As previously reported, California may soon pass the most stringent Environmental, Social, and Governance ("ESG") disclosure requirements in the nation, surpassing even the current U.S. Securities and Exchange Commission ("SEC") proposed rules.

Since the California Climate Corporate Data Accountability Act (aka "SB 253") was introduced by Senator Scott Wiener, it has undergone several changes. SB 253 will now delay Scope 3 emissions reporting to one year after companies must disclose Scope 1 and Scope 2 emissions. Meaning

Scope 1 and 2 disclosures will begin in 2026, while Scope 3 discloses will begin in 2027.

  • Scope 1 emissions include direct emissions such as fuel burned.
  • Scope 2 emissions include indirect emissions such as greenhouse gas emissions from electricity used to cool builds.
  • Scope 3 emissions include full value chain emissions such as emissions from upstream suppliers.

SB 253 reporting requirements will apply to all companies earning at least $1 billion in annual revenue who do business in California.

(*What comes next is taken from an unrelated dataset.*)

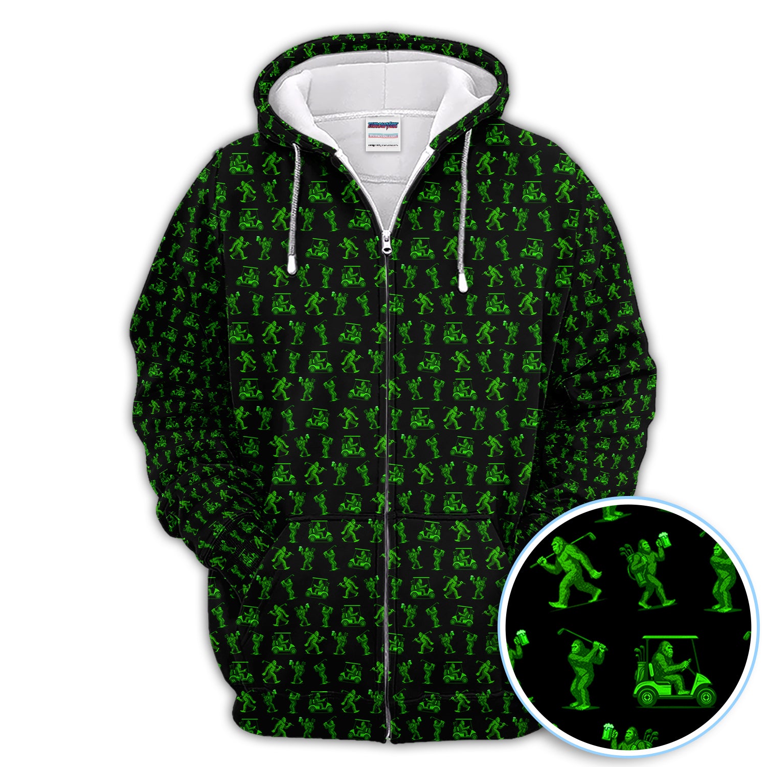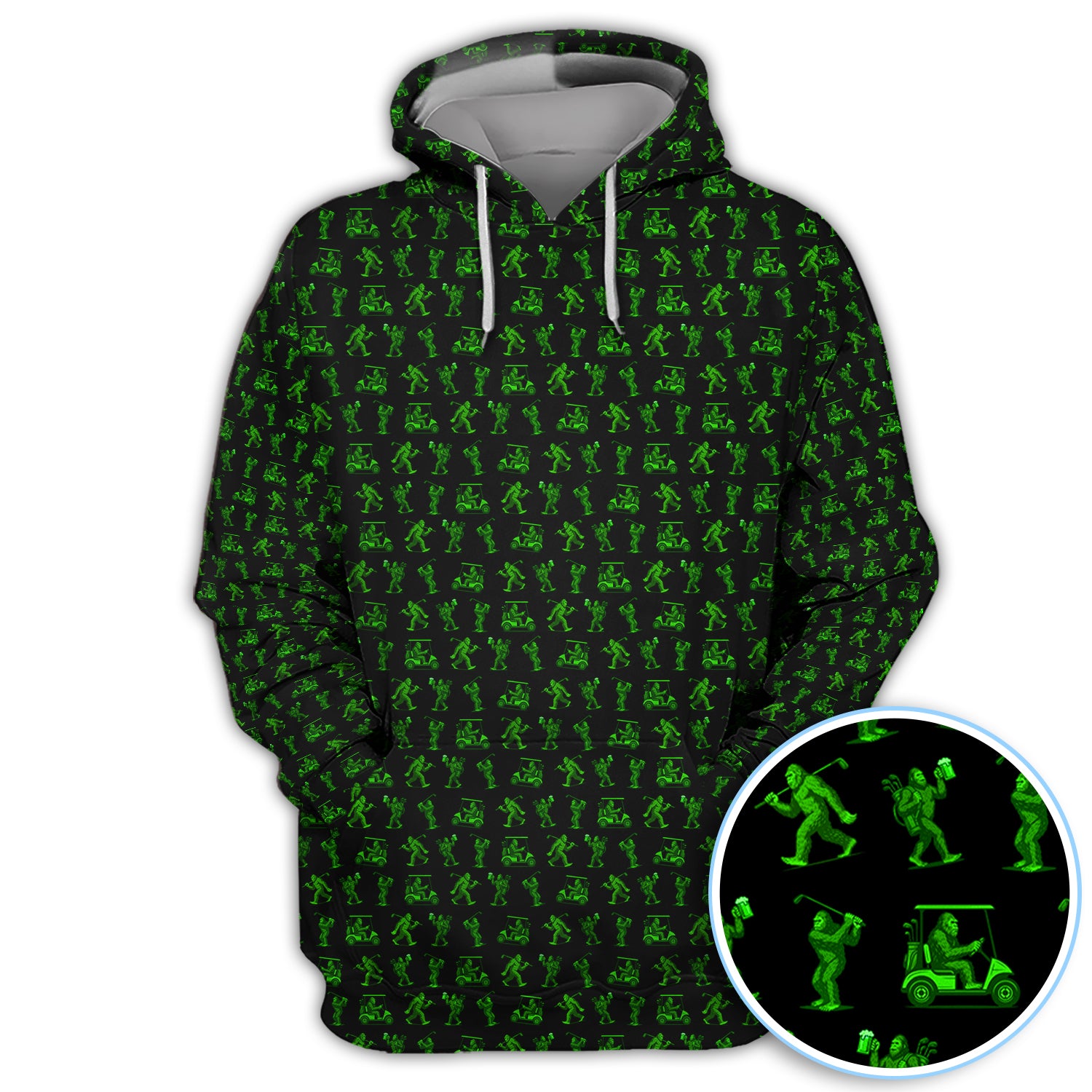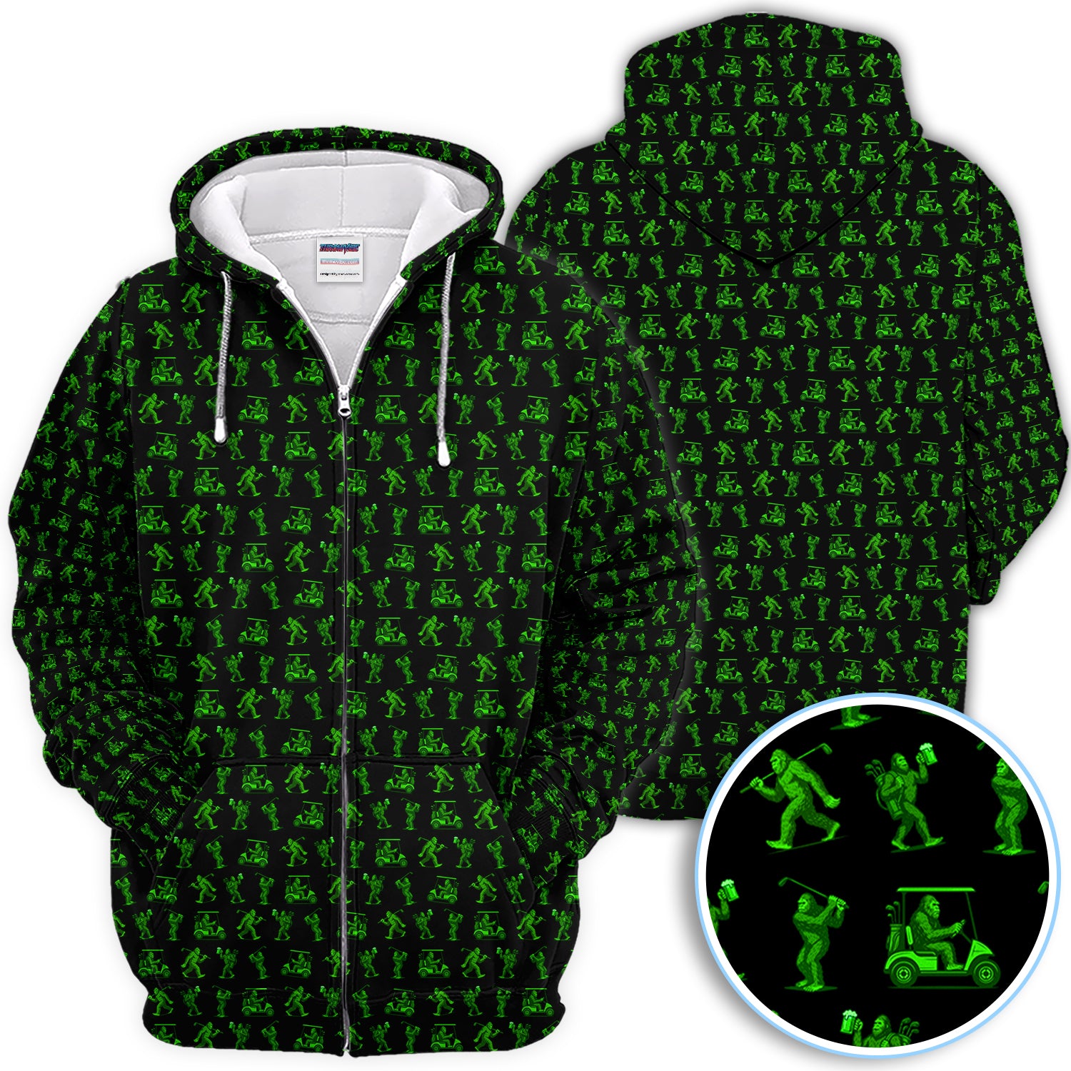Bigfoot Golf Pattern Shirt, Funny Sasquatch Golf Polos For Men, Neon Green Golf Shirt For Golfer

Exact reporting dates will be determined by the California Air Resources Board. Additionally, SB 253 will now allow reporting companies to estimate their emissions, rather than reporting actual emissions data.

SB 253 passed the Senate and moved to the state assembly, where it is currently pending in the Assembly Natural Resources Committee. We are monitoring SB 253 as it proceeds through the state legislature. The last day for the Assembly to pass SB 253 is September 14, 2023. Future updates will be provided as we analyze SB 253's significance for California businesses and how its requirements compare with potential US Securities Exchange Commission regulations for publicly traded companies, as well as analogous reporting standards in the EU, the UK and other jurisdictions.

This article is presented for informational purposes only and is not intended to constitute legal advice.